▶ [Exercise description] Restate word for word the lines between the start of the material and the line with "As the Earth’s", keeping both of those ends and none of the pictures.

▶ [Data block]
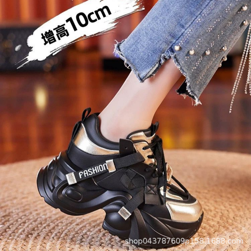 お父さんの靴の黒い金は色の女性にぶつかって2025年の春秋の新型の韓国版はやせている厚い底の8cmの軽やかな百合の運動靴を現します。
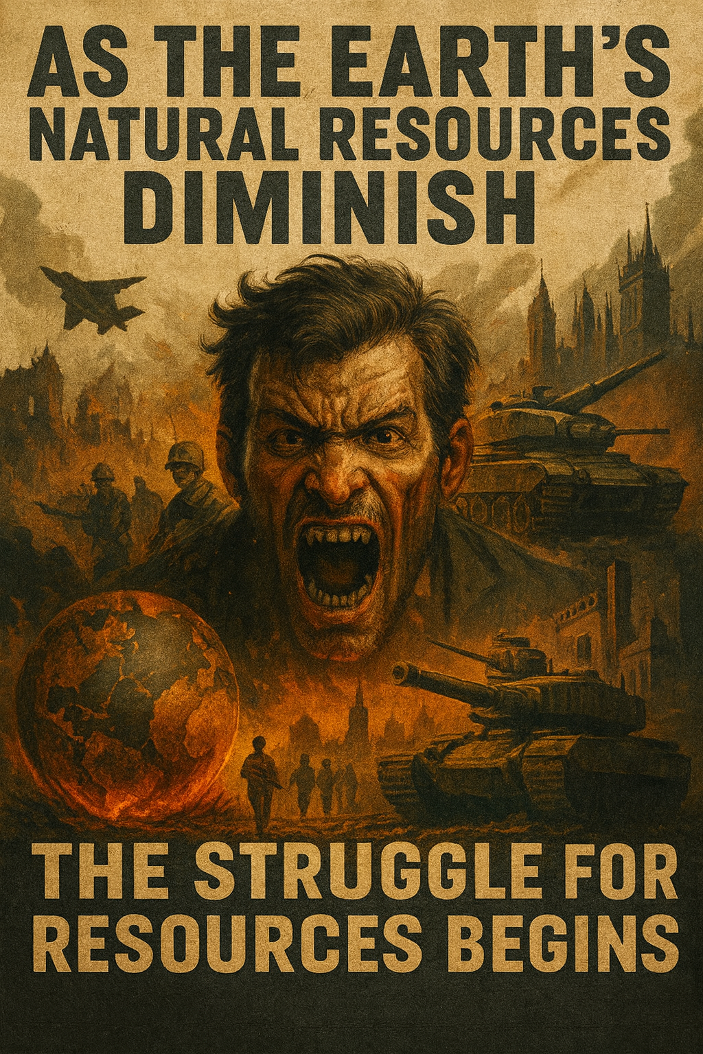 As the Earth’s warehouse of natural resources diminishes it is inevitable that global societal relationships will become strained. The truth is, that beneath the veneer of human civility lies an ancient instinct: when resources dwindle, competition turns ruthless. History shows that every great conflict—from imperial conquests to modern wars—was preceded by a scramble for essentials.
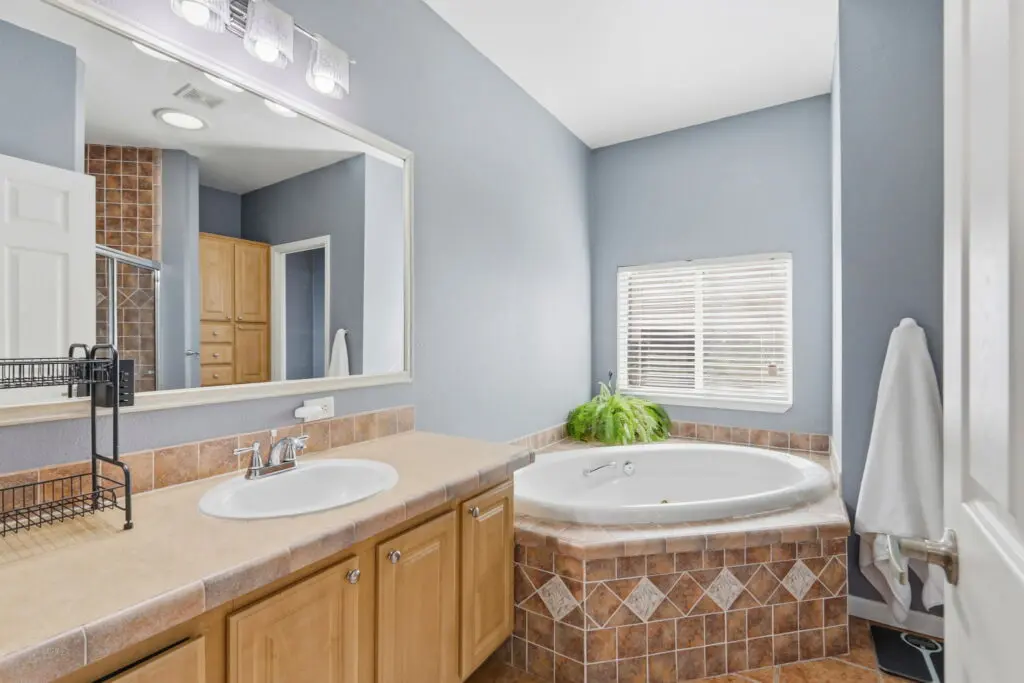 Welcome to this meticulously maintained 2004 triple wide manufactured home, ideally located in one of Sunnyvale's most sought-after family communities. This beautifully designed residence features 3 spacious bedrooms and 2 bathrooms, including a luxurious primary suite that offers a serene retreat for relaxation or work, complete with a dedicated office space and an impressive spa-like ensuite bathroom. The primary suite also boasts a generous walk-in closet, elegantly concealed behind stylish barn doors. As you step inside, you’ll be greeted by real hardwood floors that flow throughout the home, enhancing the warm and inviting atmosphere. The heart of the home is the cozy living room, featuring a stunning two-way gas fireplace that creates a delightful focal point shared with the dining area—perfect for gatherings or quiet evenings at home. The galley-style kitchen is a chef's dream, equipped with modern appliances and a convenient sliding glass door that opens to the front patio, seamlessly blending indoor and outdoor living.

▶ [Reply to the exercise]
 お父さんの靴の黒い金は色の女性にぶつかって2025年の春秋の新型の韓国版はやせている厚い底の8cmの軽やかな百合の運動靴を現します。
 As the Earth’s warehouse of natural resources diminishes it is inevitable that global societal relationships will become strained. The truth is, that beneath the veneer of human civility lies an ancient instinct: when resources dwindle, competition turns ruthless. History shows that every great conflict—from imperial conquests to modern wars—was preceded by a scramble for essentials.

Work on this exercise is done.